# Cougar in a mine?



## HighNDry (Dec 26, 2007)

Went out hiking last Saturday. We peeked into the opening of a mine that had been partially hidden by boulders. It had a metal grate a few feet inside to keep people out. We didn't have a flashlight and it was so dark inside. We couldn't see beyond the metal grate. My wife took a picture with the camera flash to see if it would show up. I had walked a few feet away from the opening. She came walking up to me and said that when she took the picture with the flash she heard something inside the mine. I asked her what it sounded like and she said it was probably just a drip of water.

When we got to the car she was reviewing the pictures and said the picture inside the mine didn't turn out except for the two glowing eyes. I took the camera and looked at it and sure enough two glowing eyes. The rest of the picture was very hazy looking, like the flash light reflected off the walls of the mine and back into the camera. I looked closer and could see a very faint, blurry, shadow of what looks like a cougar or bobcat with a humped rear end. 

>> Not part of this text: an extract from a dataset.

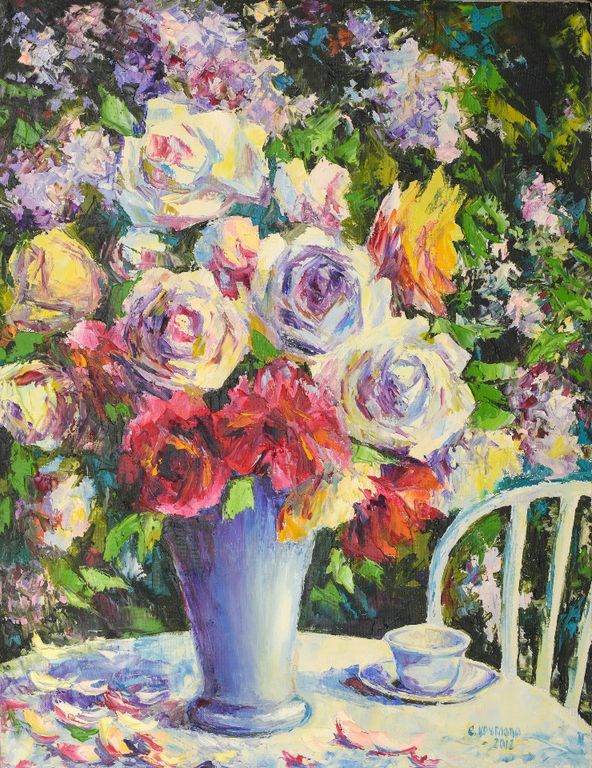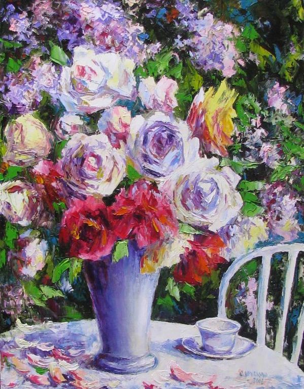 Букет роз на столе и чай около дремлющего куста сирени. Ароматы цветов кружат в воздухе, танцуя с красивыми бабочками и стрекозами.

Anyway, it gave me a little bit of a shiver. The photo is pretty bad so I don't know if it would show up if I tried to post it here. I guess it is very possible that a cougar was in the mine. I think I even joked with my wife while we were at the opening about being careful maybe a mountain lion lives in there. The grate had openings big enough that a bobcat or cougar could easily get in there.

I guess, I'm wondering if a cougar or bobcat would just hunker down inside the mine and pretty much ignore people that peered into it?


----------



## Packfish (Oct 30, 2007)

Certainly have seen tracks in some of the mines and caves that I used to explore in Cache Valley in the late 70's- always made me feel a tinch errie.


----------



## Kevin D (Sep 15, 2007)

Did it look like this??










Took this photo in a cave up Card Canyon in Logan Canyon, but I've caught plenty in old in mine shafts as well.

To answer your question HighnDry, ya, they're likely to just hold still there hoping they won't be noticed. But crawl in close for a selfie and they tend to get a little snarly.


----------



## BPturkeys (Sep 13, 2007)

Well, givin the facts, dark place, big glowing eyes, blurry photo, I am more incline to think Sasquatch.


----------



## HighNDry (Dec 26, 2007)

Kevin D,

How dark was it inside that cave? And is that taken with just a flash on your camera?

My wife's picture is really bad--maybe because she was out in the light taking a picture into the mine. I think her flash was pretty ineffective because of it. Plus, it's a fairly cheap point and shoot. The form does show the eyes shinning and the humped back of the body very similar to this photo.


----------